(Data extracted from a collection)
▶
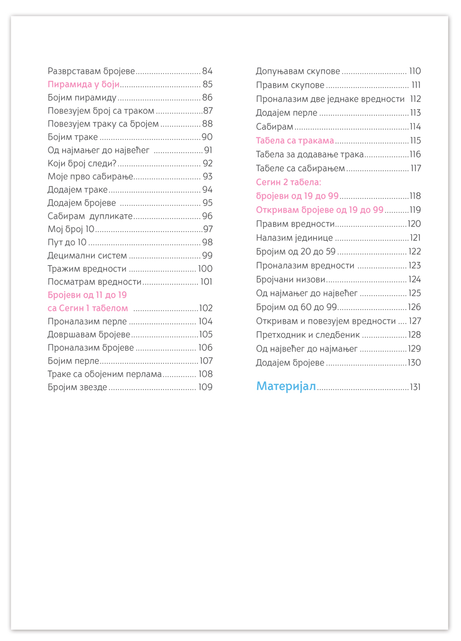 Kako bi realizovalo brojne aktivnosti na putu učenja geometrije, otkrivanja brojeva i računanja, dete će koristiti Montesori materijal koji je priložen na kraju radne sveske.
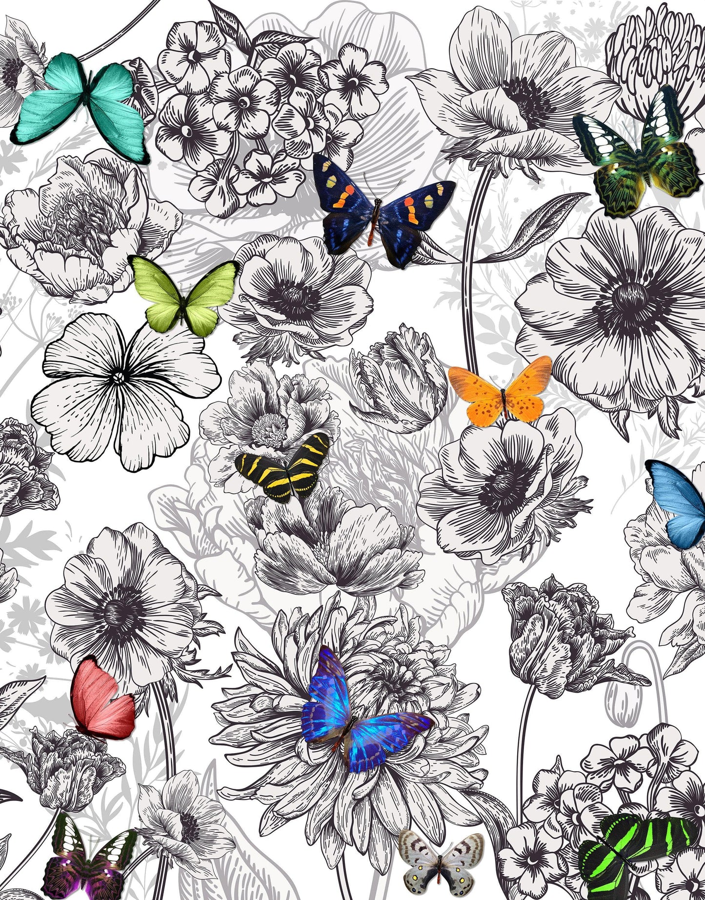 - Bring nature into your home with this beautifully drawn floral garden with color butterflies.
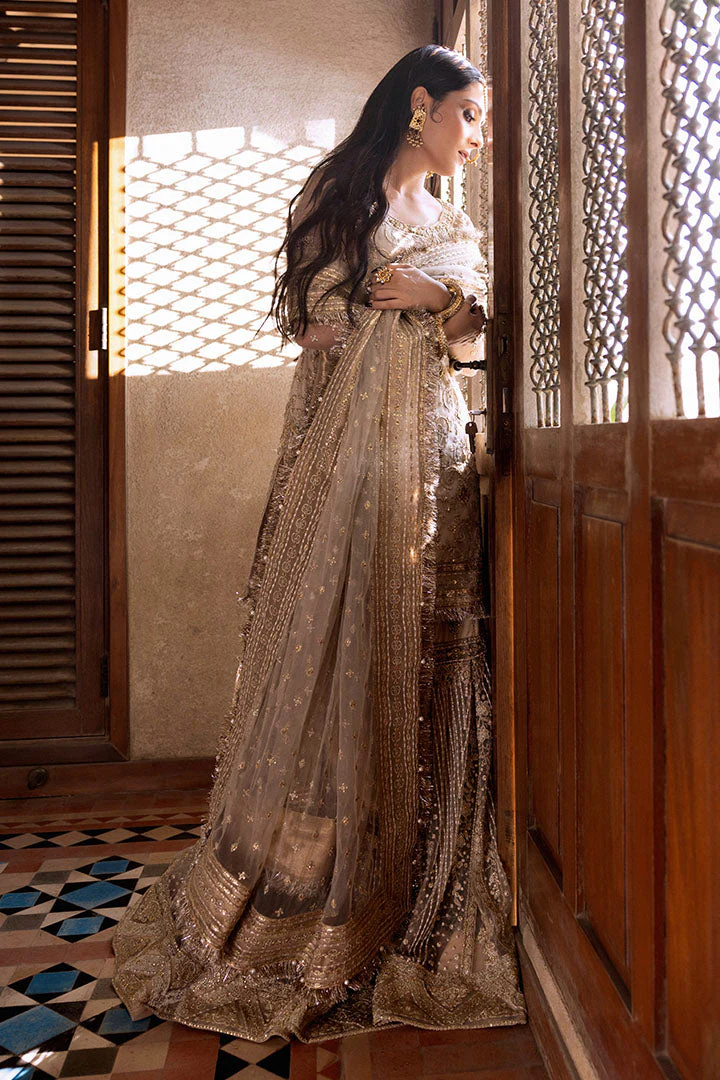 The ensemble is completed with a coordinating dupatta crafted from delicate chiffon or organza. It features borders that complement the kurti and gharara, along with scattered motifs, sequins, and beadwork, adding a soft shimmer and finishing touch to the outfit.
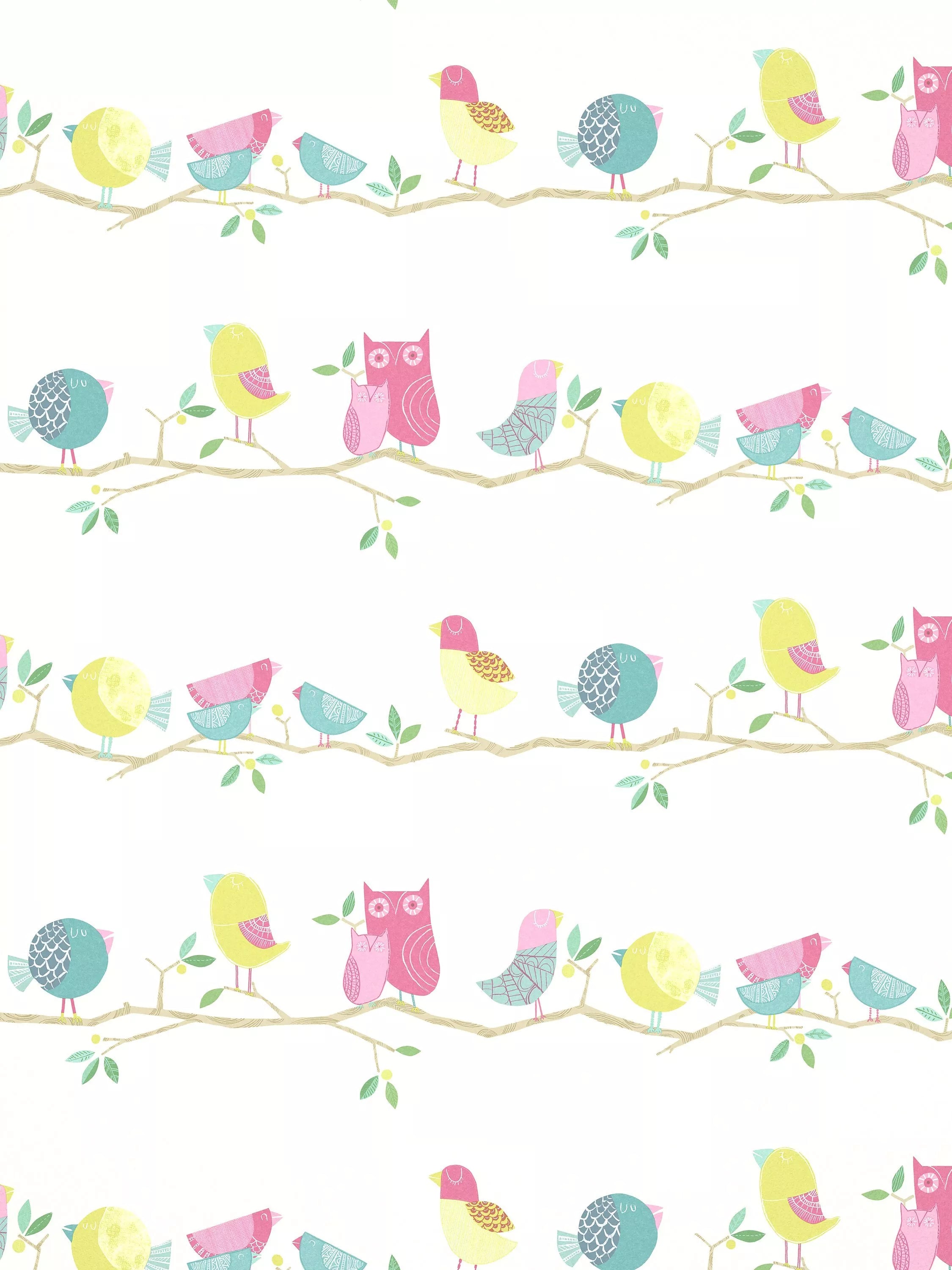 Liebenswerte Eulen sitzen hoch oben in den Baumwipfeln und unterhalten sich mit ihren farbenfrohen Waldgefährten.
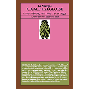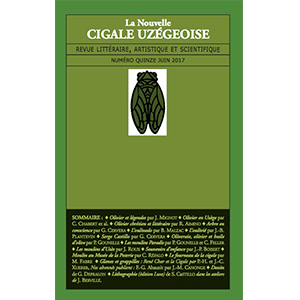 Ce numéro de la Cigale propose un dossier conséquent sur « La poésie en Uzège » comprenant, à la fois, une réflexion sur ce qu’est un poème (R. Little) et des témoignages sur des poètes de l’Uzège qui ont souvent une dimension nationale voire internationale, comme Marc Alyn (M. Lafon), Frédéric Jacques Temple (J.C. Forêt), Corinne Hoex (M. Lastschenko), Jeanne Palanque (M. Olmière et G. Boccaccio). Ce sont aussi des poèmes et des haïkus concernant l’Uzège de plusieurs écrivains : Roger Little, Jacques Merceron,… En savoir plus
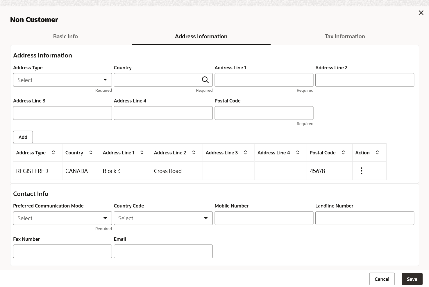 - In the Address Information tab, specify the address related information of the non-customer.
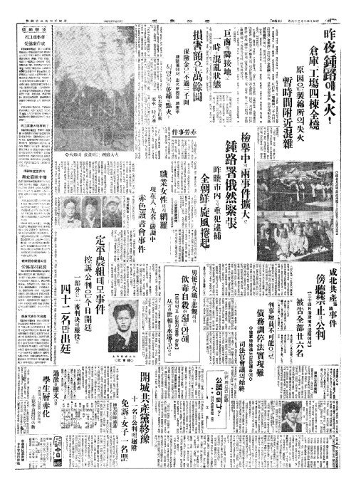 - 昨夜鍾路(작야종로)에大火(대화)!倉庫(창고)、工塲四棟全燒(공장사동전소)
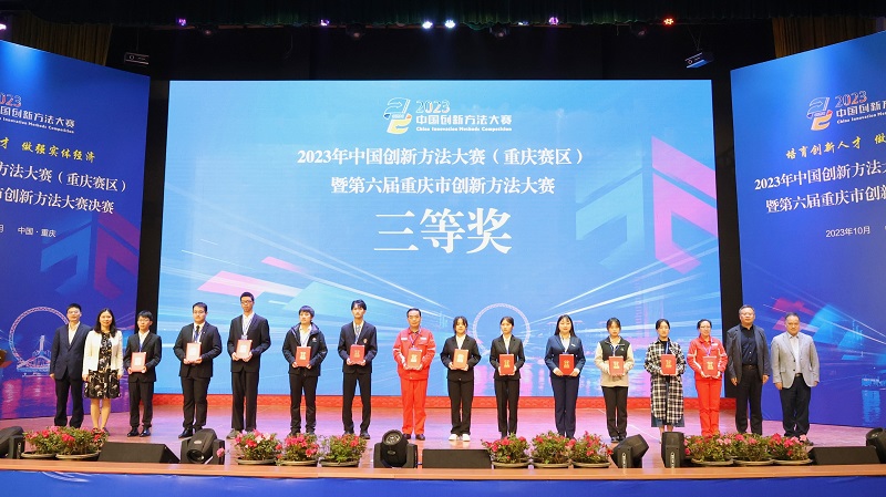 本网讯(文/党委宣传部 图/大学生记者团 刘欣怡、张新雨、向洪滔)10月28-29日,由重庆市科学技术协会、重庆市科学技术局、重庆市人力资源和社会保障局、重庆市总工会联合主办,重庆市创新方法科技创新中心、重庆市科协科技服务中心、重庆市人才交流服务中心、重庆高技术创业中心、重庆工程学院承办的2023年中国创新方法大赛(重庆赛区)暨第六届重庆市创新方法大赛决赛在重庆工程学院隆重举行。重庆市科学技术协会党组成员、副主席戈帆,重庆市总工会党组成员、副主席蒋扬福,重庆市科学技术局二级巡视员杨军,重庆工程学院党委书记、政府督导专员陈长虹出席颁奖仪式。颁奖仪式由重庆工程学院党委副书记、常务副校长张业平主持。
◀
# Task prompt
Copy out the entries verbatim, but skip every picture.

# Answer to this exercise
 Kako bi realizovalo brojne aktivnosti na putu učenja geometrije, otkrivanja brojeva i računanja, dete će koristiti Montesori materijal koji je priložen na kraju radne sveske.
 - Bring nature into your home with this beautifully drawn floral garden with color butterflies.
 The ensemble is completed with a coordinating dupatta crafted from delicate chiffon or organza. It features borders that complement the kurti and gharara, along with scattered motifs, sequins, and beadwork, adding a soft shimmer and finishing touch to the outfit.
 Liebenswerte Eulen sitzen hoch oben in den Baumwipfeln und unterhalten sich mit ihren farbenfrohen Waldgefährten.
 Ce numéro de la Cigale propose un dossier conséquent sur « La poésie en Uzège » comprenant, à la fois, une réflexion sur ce qu’est un poème (R. Little) et des témoignages sur des poètes de l’Uzège qui ont souvent une dimension nationale voire internationale, comme Marc Alyn (M. Lafon), Frédéric Jacques Temple (J.C. Forêt), Corinne Hoex (M. Lastschenko), Jeanne Palanque (M. Olmière et G. Boccaccio). Ce sont aussi des poèmes et des haïkus concernant l’Uzège de plusieurs écrivains : Roger Little, Jacques Merceron,… En savoir plus
 - In the Address Information tab, specify the address related information of the non-customer.
 - 昨夜鍾路(작야종로)에大火(대화)!倉庫(창고)、工塲四棟全燒(공장사동전소)
 本网讯(文/党委宣传部 图/大学生记者团 刘欣怡、张新雨、向洪滔)10月28-29日,由重庆市科学技术协会、重庆市科学技术局、重庆市人力资源和社会保障局、重庆市总工会联合主办,重庆市创新方法科技创新中心、重庆市科协科技服务中心、重庆市人才交流服务中心、重庆高技术创业中心、重庆工程学院承办的2023年中国创新方法大赛(重庆赛区)暨第六届重庆市创新方法大赛决赛在重庆工程学院隆重举行。重庆市科学技术协会党组成员、副主席戈帆,重庆市总工会党组成员、副主席蒋扬福,重庆市科学技术局二级巡视员杨军,重庆工程学院党委书记、政府督导专员陈长虹出席颁奖仪式。颁奖仪式由重庆工程学院党委副书记、常务副校长张业平主持。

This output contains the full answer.